Руперт Брук… Имя это еще не известно на материке, а тем паче в России. Руперт Брук (1887–1915) представлен двумя легкими томиками, в которых собрано около восьмидесяти стихотворений. В его творчестве есть редкая пленительная черта: какая-то сияющая влажность, недаром он служил во флоте, недаром и само имя его означает по-английски: ручей. Эта тютчевская любовь ко всему струящемуся, журчащему, светло-студеному выражается так ярко, так убедительно в большинстве его стихов, что хочется их не читать, а всасывать через соломинку, прижимать к лицу, как росистые цветы, погружаться в них, как в свежесть лазоревого озера. Для Брука мир — водная глубь, “зыбкая, изменчивая, дымчатая, в которой колеблющиеся тени вздуваются и зияют таинственно… Странная нежность глубины смягчает потонувшие в ней краски, раздробляет черный цвет на его составные оттенки, подобно тому как смерть расчленяет жизнь. Вот алый сумрак, таящийся в сердцах роз, вот синий лоск мертвых беззвездных небес, вот золотистость, лежащая за глазами, вот та неведомая, безымянная, слепая белизна, которая является основным пламенем ночи, вот тускло-лиловая окраска, вот матовая зелень, — тысячи тысяч оттенков, цветущих между тьмой и тьмой”. И все краски эти дышут, движутся, образуют чешуйчатые существа, которых мы зовем рыбками; и вот, в тонко-жутких стихах поэт передает весь трепет жизни их.
В этих стихах, в этой дрожащей капле воды, отражена сущность всех земных религий. И Брук сам — “грезящая рыба”, когда, заброшенный на тропический остров, он обещает своей гавайской возлюбленной совершенства заоблачного края, “где живут Бессмертные, — благие, прекрасные, истинные, — те Подлинники, с которых мы — земные, глупые, скомканные снимки. Там — Лик, а мы здесь только призраки его. Там — верная беззакатная Звезда и Цветок, бледную тень которого любим мы на земле. Там нет ни единой слезы, а есть только Скорбь. Нет движущихся ног, а есть Пляска. Все песни исчезнут в одной Песне. Вместо любовников будет Любовь…” Но тут, спохватившись, поэт восклицает: “Как же мы будем плести наши любимые венки, если там нет ни голов, ни цветов? Господи, как мы станем жалеть о пальмах, о солнце, о юге. И уж больше, кажется, не будет поцелуев, ибо все уста сольются в единые Уста… Внемли зову луны и шепчущим благоуханьям, которые блуждают вдоль теплой лагуны. Поспеши, положив руку в руку человеческую, сквозь сумрак цветущей тропы к белой полосе песка и в мягкой ласке воды смой пыль мудрованья. И до зари, под сияющей луной, нагоняй в беззвучно-глубокой воде чье-то мерцающее тело и теневые волосы, а то предавайся волне полудремотно. Ныряй, изгибайся, выплывай, выглядывай из цветов, смейся, призывай — пока уста наши еще не поблекли, пока у нас на лицах не стерлась печать нашего „я”…”

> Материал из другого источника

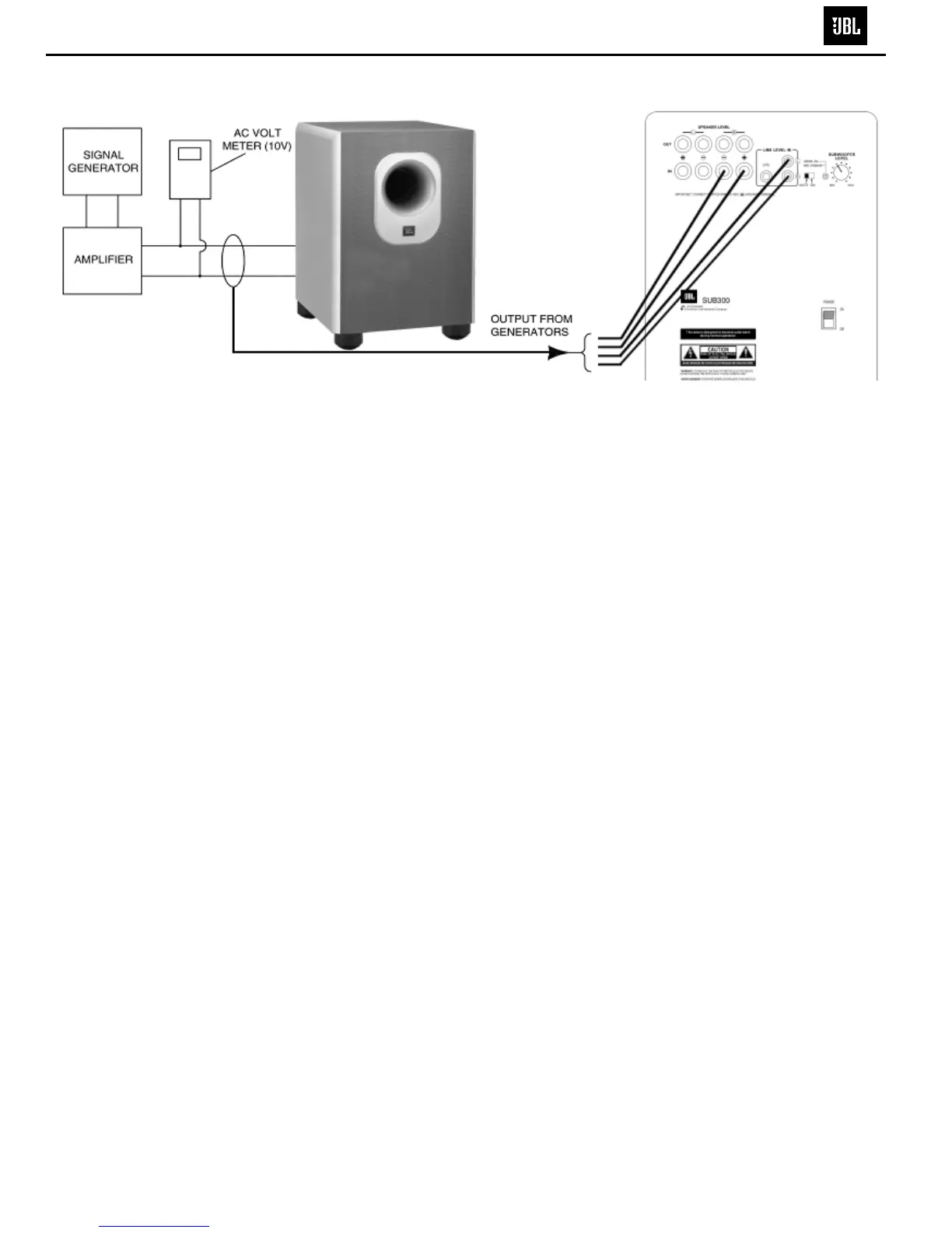 8) Turn on generator and adjust so that speaker level input at the amplifier is 2.0V, 50 Hz.

Ни один поэт так часто, с такой мучительной и творческой зоркостью не вглядывался в сумрак потусторонности. Пытаясь ее вообразить, он переходит от одного представления к другому с лихорадочной торопливостью человека, который ищет спички в темной комнате, пока кто-то грозно стучится в дверь. То кажется ему, что он, умерев, проснется “на широкой, белесой, сырой равнине, придавленной странными, безглазыми небесами” и увидит себя “точкой неподвижного ужаса… мухой, прилипшей к серой, потной шее мертвеца”, — то предчувствует он безмерное блаженство. Предчувствие это жарче всего бьется в стихотворении “Прах”.

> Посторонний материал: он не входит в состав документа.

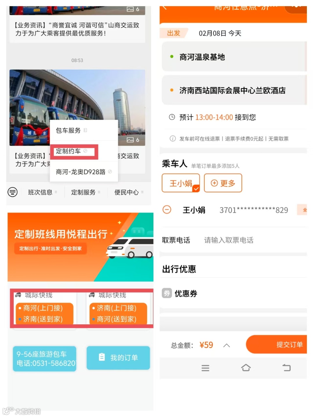 点击定制约车进入购票系统→选择城际快线→选择出发地→选择目的地→选择乘车时间→乘车人,信息确认无误后点击提交订单即可。

Вот оно в русском переводе:
Между этих крайностей развертывается вереница более спокойных образов. Вот на берегах Леты, среди мифологических кипарисов, поэт встречает свою умершую любовницу, и она, беспечная Лаура эта, “вскидывает темно-русой очаровательной головой”, так потешает ее вид древних мертвых — Сократ курносый, щуплый Цезарь, завистливый Петрарка.
Вот, взбежав на цветущий холм — где-нибудь под Кембриджем, — Руперт, весело запыхавшись, восклицает, что душа его воскреснет в поцелуях будущих влюбленных. А то облака ласкают его воображенье.
Отсюда недалеко до полной примиренности со смертью, и действительно — четырнадцатый год нашего столетия внушает Бруку пять цветных сонетов, озаренных как бы изнутри чудесной кротостью.